Such line display is repeated, and the image display of one screen is completed. BRIEF DESCRIPTION OF THE DRAWINGS FIG. 1 is a block diagram showing a configuration example of a liquid crystal display device according to an embodiment of the present invention. FIG. 2 is a circuit diagram of a selector of a horizontal drive circuit with a precharge function.

 FIG. 3 is a more specific circuit diagram of the second select switch circuit section for precharge.

 FIG. 4A is a circuit symbol diagram of one select switch, and FIG. 4B is a circuit symbol diagram showing a modification of the select switch.

 FIGS. 5A to 5G are timing charts of each pulse during the precharge operation.

 6A to 6D are timing charts showing another example of the precharge pulse.

 FIG. 7A to FIG. 7C are diagrams illustrating a problem in the background art and a relationship between a permission pulse for supplying a voltage to a signal line and a change in potential of the signal line used for describing an effect of the present invention. .

 8A and 8B are explanatory diagrams of a technique for performing pixel data and precharging from different sides of a signal line, which is used for explaining the background art.

 FIG. 9 is a block diagram of an image display device described in the prior art, in which a horizontal drive circuit and a precharge circuit are separately arranged.
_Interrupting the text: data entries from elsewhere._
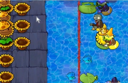 2、先在甲板上种植两列向日葵花盆和多个阳光向日葵,在红线右侧种植多个豌豆睡莲。
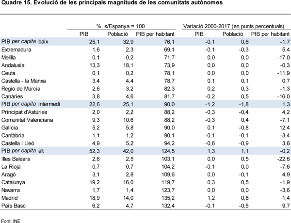 En el cas d’Espanya, l’evolució de l’economia de les CA, malgrat els elevats volums de fluxos interregionals, no semblen constatar una millora en la distribució del PIB ni en els nivells del PIB per habitant. Segons les darreres dades de l’INE del 2017, el PIB per habitant a Espanya oscil·la entre un mínim de 69,1% de la mitjana espanyola a Extremadura i un màxim de 132,4% al País Basc. Aquests resultats estan valorats en euros corrents i no tenen en compte els diferents nivells de preus entre comunitats autònomes (CA), que reduirien aquest diferencial. Catalunya és la quarta CA amb el PIB per capita més elevat i la segona amb la taxa de creixement més alt entre el 2000 i el 2017, lluny però del creixement del PIB que experimenta la comunitat de Madrid (malgrat això des del 2013 el creixement acumulat de Catalunya és superior). El grup de CA amb el PIB per capita mes baix no ha guanyat pes en el PIB, però ha augmentat la seva participació en població, fent retrocedir encara més el seu nivell de PIB per capita relatiu. Les CA amb un nivell econòmic intermedi són les més perjudicades, retrocedint en PIB, però encara més en població, raó que explica la millora comparativa en PIB per habitant. Finalment, les CA més ben posicionades, són las úniques que en conjunt han guanyat pes econòmic i poblacional. En termes de PIB per habitant aquest conjunt de CA globalment considerades han reduït lleugerament posicions, tot i que l’Aragó, Madrid i sobretot el País Basc n’han guanyat, si bé el País Basc ho ha fet perden població.
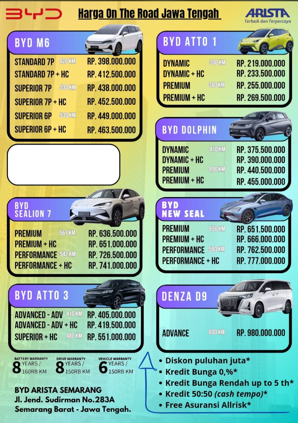 Selamat datang di Dealer Resmi BYD Jawa Tengah. Kami hadir sebagai pusat penjualan resmi BYD dengan layanan terbaik, harga paling kompetitif, serta promo menarik untuk seluruh wilayah Jawa Tengah hingga Indonesia.
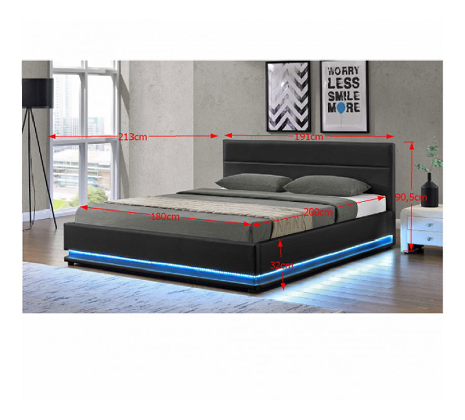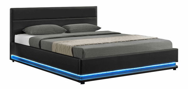 Manželská posteľ Baella je čierna posteľ s LED podsvietením okolo rámu, vybavená výklopným lamelovým roštom a úložným priestorom. Celá postel je čalúnená ekokožou, ktorá je odolná voči oderu a jednoduchá na údržbu. Posteľ je dodávaná v demonte a ponúka plochu na spanie o veľkosti 183 x 200 cm s výškou po rošte 32 cm. Odporúčame zakúpiť atypický matrac s rozmernými parametrami 183 x 200 cm pre najlepší pohodlný spánok.
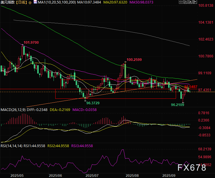 美元指数受制于箱体上沿以及向下倾斜的均线压制,短期反弹势头受限。
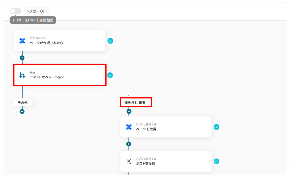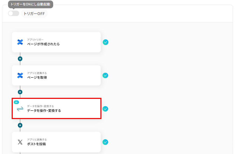 このワークフローを活用すれば、Confluenceにページが作成されるとAIが内容を自動で要約し、X(Twitter)へ投稿するまでの一連の流れを自動化し、情報発信の効率を高めます。

BEST MODE FOR CARRYING OUT THE INVENTION

 INDUSTRIAL APPLICABILITY The present invention is suitably used for an image display device having a fixed pixel such as an LCD (liquid crystal display), a DMD (digital micro-mirror device), or an organic EL device, and a beam scanning type image display device such as a CRT. it can. Further, the present invention can be suitably used for an image display panel having a built-in precharge circuit, or a driving device of the image display panel. Further, the present invention can be applied to any of so-called line-sequential driving and dot-sequential driving.

Here, it is a type of line-sequential driving, and the number of wires to be driven horizontally at a time is reduced by multiplex control. Embodiments of the present invention will be described with reference to a liquid crystal display device as an example. Here, “line-sequential” refers to “horizontal drive method that performs color display once for each RGB color within the display period of one pixel line”, and “dot-sequential” refers to “display of one pixel line”. A horizontal drive method in which RGB color display is repeated sequentially and pixel by pixel during the period.

 FIG. 1 is a block diagram illustrating a configuration example of a liquid crystal display device according to the present embodiment. As shown in FIG. 1, the liquid crystal display device 1 has an effective pixel section 2, a vertical drive circuit (VDRV) 3, and a horizontal drive circuit (HDRV & PCH) 4 having a built-in precharge circuit. The configuration of the precharge circuit (P CH) in the horizontal drive circuit 4 is one of the major features of the present embodiment.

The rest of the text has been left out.